Here are a few things I could use help with:
- Anybody want to help turning this script into a web app,
possibly using Flask? See the first next step in README.md.
I might be able to do that, but currently I don't have enough free time to make a commitment.
Okay. Maybe I'll give it a try by stealing heavily from Sathya's Compass code. Unless somebody else wants to give this a try?
- Lukas, you announced OnionPy on tor-dev@ the other day. Want to
look into the "Add local cache for ..." bullet points under "Next steps"? Is this something OnionPy could support? Want to write the glue code?
onion-py already supports transparent caching using memcached. I use a (hopefully) unique serialisation of the query as the key (see serializer functions here: https://github.com/duk3luk3/onion-py/blob/master/onion_py/manager.py#L7) and have a bit of spaghetti code to check for available cached data and the 304 response status from onionoo (https://github.com/duk3luk3/onion-py/blob/master/onion_py/manager.py#L97).
On second thought, and after sleeping over this, I'm less convinced that we should use an external library for the caching.

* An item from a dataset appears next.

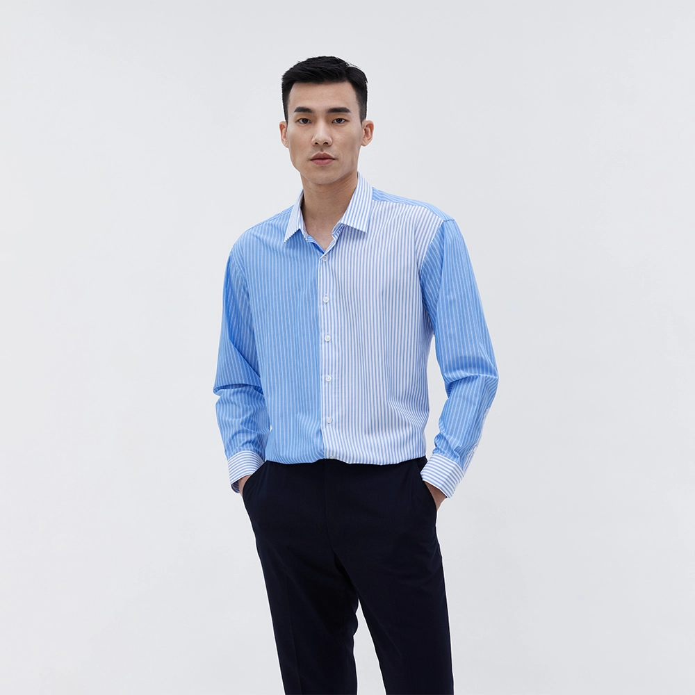 藍色條紋拚色竹纖維長袖襯衫NT$1,880

We should rather start with a simple dict in memory and flush it based on some simple rules. That would allow us to tweak the caching specifically for our use case. And it would mean avoiding a dependency.
We can think about moving to onion-py at a later point. That gives you the opportunity to unspaghettize your code, and once that is done we'll have a better idea what caching needs we have for the challenger tool to decide whether to move to onion-py or not.
Would you still want to help write the simple caching code for challenger?
I don't really understand what the code does. What is meant by "combining" documents? What exactly are we trying to measure? Once I know that and have thought of a sensible way to integrate it into onion-py I'm confident I can infact write that glue code :)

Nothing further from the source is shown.